One of the most important things you can do for you little one is making sure the early childhood programs they attend are ‘developmentally appropriate’. What is Developmentally Appropriate Practice?
NAEYC (National Association for the Education of Young Children) states, “Developmentally Appropriate Practice is informed by what we know from theory and literature about how children develop and learn.” In its Developmentally Appropriate Practice Key Messages of the Position Statement, NAEYC shares the following in defining DAP:
Developmentally appropriate practice requires both meeting children where they are—which means that teachers must get to know them well— to reach goals that are both challenging and achievable.
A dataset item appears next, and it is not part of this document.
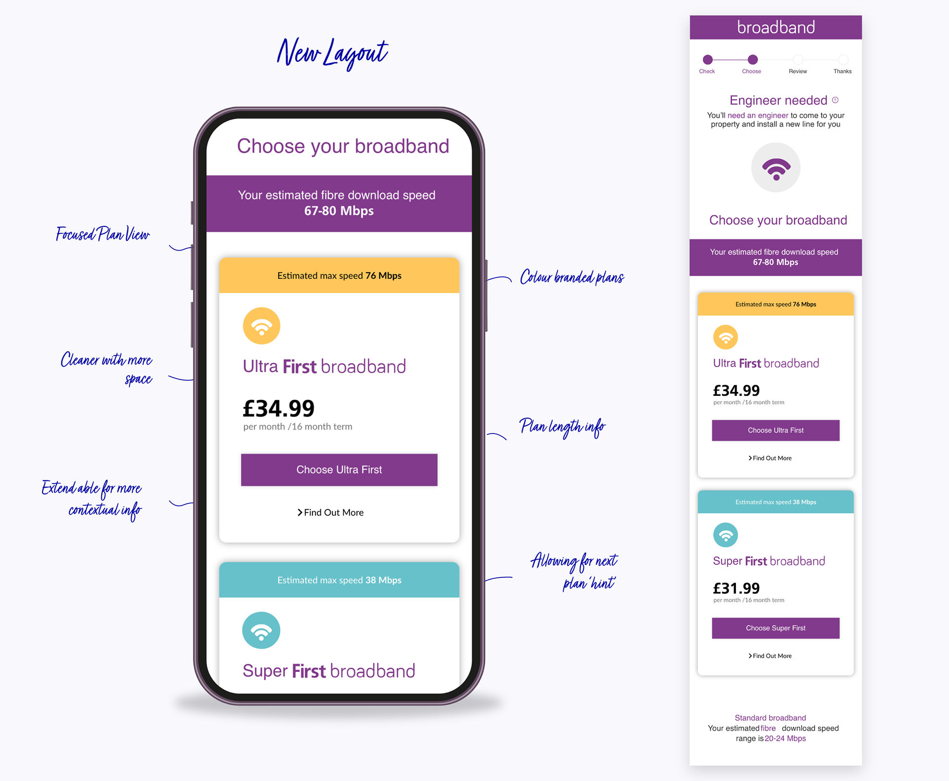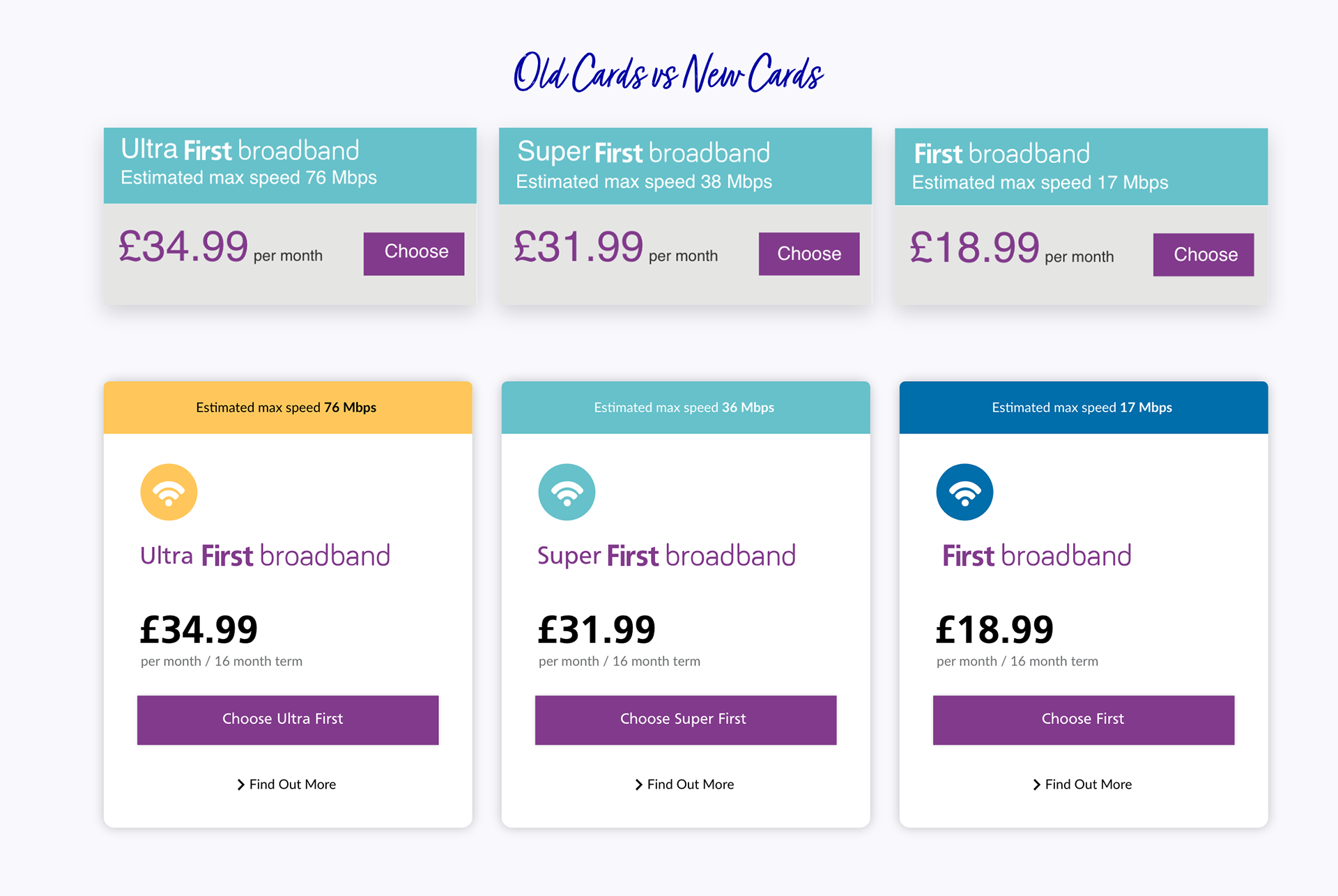 The Challenge: rescue First Utility's telco onboarding flow. Users were abandoning in droves, confused by plan options, unable to find promotional offers, and frustrated by a clunky booking system that forced them to wait six-hour windows for installation.

All teaching practices should be appropriate to children’s age and developmental status, attuned to them as unique individuals, and responsive to the social and cultural contexts in which they live.
Developmentally appropriate practice does not mean making things easier for children. Rather, it means ensuring that goals and experiences are suited to their learning and development and challenging enough to promote their progress and interest.
Best practice is based on knowledge—not on assumptions—of how children learn and develop. The research base yields major principles in human development and learning. Those principles, along with evidence about curriculum and teaching effectiveness, form a solid basis for decision making in early care and education.
Lastly, check out this article (https://www.webmd.com/parenting/guide/parenting-preschoolers-mistakes#1) on the most common mistakes parents make with young children. We couldn’t agree more with point #6: Underestimating the Importance of Play.
Many parents feel they should sign their children up for enrichment programs to give them an edge. But that's not really the case. What's most enriching at this age, says psychologist Lawrence J. Cohen, author of Playful Parenting, is free play. That includes dramatic play (make believe), rough housing, and goofing around. "Free play is how children's brains develop best," he says. "In play, children will naturally give themselves the right amount of challenge -- not too easy or too hard." Fix it: Allow your child time and space for free play.
Can you see all the unstructured learning opportunities in the picture above!? What do you think this little one is thinking about / learning? Some of the opportunities we see are counting, sorting, patterning, color recognition, balancing, focusing, eye-hand coordination and building confidence. What do you see?